XAUUSD up or down? Fed Jerome Powell abandons view on inflation

“Technically, trigger point to accelerate to upside is $1794.30. This price level can trigger a rally from $1819.30 to $1822.10.

Yields on US Treasuries strengthen

Gold futures are trading higher on Friday after reversing previous weakness. The dimension behind recovery is fastest-rising inflation news since 1982 in November, putting pressure on economic recovery and raising stakes for the Federal Reserve.

Treasury yields strengthened on this news and US Dollar held steady, suggesting XAUUSD move was a jerk response to a rise in inflation. Gains may be limited as rising consumer prices could move Fed closer to raising rates.

February Gold price on Comex exchange is trading at $1779.90, up $3.20 or +0.18%. On Thursday, SPDR Gold Shares ETF (GLD) closed at $165.87, down $1.03 or -0.62%.

It wouldn’t be entirely surprising if gold rallied today because of high inflation numbers, faster Fed falls and early rate hikes that have been in market for weeks. This can be a “sell rumor, buy truth” situation.

The consumer price index, which measures cost of a broad basket of goods, rose 0.8 percent on month, good at a 6.8 percent year-on-year pace and fastest pace since May. June 1982.

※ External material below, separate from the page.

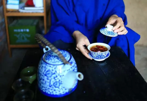 闲时,道长会沏茶读书。她给自己的花茶起名“九花三宝茶“,味甜,回甘悠长。所谓九花,大概有桂花、玫瑰、茉莉、红巧梅、勿忘我、百合、桃花等,不一而足。

Excluding food and energy prices, core CPI rose 0.5% on month and 4.9% from a year ago, strongest gain since mid-1991.

Dow Jones estimates are for a 6.7% year-over-year gain for headline CPI and 4.9% for core.

US Treasury yields edged up their weekly gains on Friday following hotter-than-expected inflation data.

The yield on benchmark 10-year Treasury note rose 2.1 basis points to 1.508 percent. Yields on 30-year Treasury note rose 1.7 basis points to 1,883%.

With release of strong inflation data,  Fed is now tipped to double its asset-buying reductions to $30 billion a month, likely starting in January. That could allow Fed start raising interest rates as soon as next spring.

Gold could spike above $1794.30 as inflation is likely to pick up again in December and Fed is not expected to accelerate pace of taper through January and rate hikes until June.

Profits could be limited if US Treasury yields continue to rise.

Fed Jerome Powell abandons view on “transient” inflation

The biggest economic event for financial markets has traditionally been Jobs Day, but in recent months CPI Day has come into spotlight. That’s because US economy is about to reach full employment, while labor force participation rate has outpaced pandemic era. While a strong recovery is a great sign for economy, it doesn’t mean all is well for average American.

Headline inflation today is forecast to show 6.8% year-on-year growth in November, which would be highest since the summer of 1982 and surpass 6.2% gain seen. in October. The Core Consumer Price Index (Core CPI) is also expected to be as high as 4.9%, prompting Fed Chairman Jerome Powell to recently abandon his view on “transient” inflation. “. Contributing to this increase are unprecedented recovery and stimulus demand, transportation and shortages of both supply and labor.

The deteriorating price environment will likely prompt FOMC officials to accelerate stimulus withdrawal or implement policy tightening more quickly. It also signals a major turnaround for central bank, which has so far been more worried about “maximum employment” aspect of its dual mandate, than it is about “stable prices.”Current market valuation is for Fed to announce its first 25 basis point rate hike in May or June 2022, while high inflation could accelerate uptake of its monthly bond-buying program. $120 billion, possibly ending in March.